The objective of this study was to compare the perception of dyspnea during acute bronchoconstriction and bronchodilation in patients with mild asthma with normal lung function who never experienced severe asthma exacerbations in the past. We studied 83 mild, stable asthmatic patients aged 18‐58 years. All patients underwent the methacholine challenge followed by the bronchodilation test with salbutamol. The perceptual sensitivity of changes in airway function was analyzed by linear regression coefficients, slope alphaconstr, and slope alphadilat. Additionally, the perception score was determined at a 20% decrease in FEV1 (PS20) during the methacholine challenge. The finding was that perceptual sensitivity for bronchoconstriction and bronchodilation, expressed as slope alphaconstr and slope alphadilat, was similar in the study subjects (mean ± SD, 0.09 ± 0.05 and 0.10 ± 0.05, respectively). The two subgroups under assessment were named poor perceivers when PS20 < 1 (n = 19) and good perceivers when PS20 ≥ 1 (n = 64). While assessing them, the values of slope alphaconstr did not differ from the values of slope alphadilat in either of the subgroups of poor perceivers or good perceivers.

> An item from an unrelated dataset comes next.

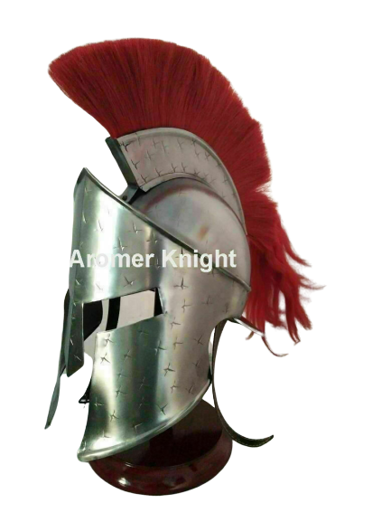 Medieval Roman SPARTAN Helmet Chrome Lars Scan With Red Plume Corinthian Helmet

However, the poor perceivers sensed changes in airway function significantly less than the good perceivers did, although overlapping values of slope alpha were observed. In conclusion, this study indicates that perceptual sensitivity during acute bronchoconstriction and bronchodilation is comparably the same in mild, stable asthmatic patients. However, some of these asthmatic patients may display a diminished perception of dyspnea, which can lead to the deterioration of their asthma without their noticing the corresponding symptoms. Thus, they may delay treatment for acute asthma.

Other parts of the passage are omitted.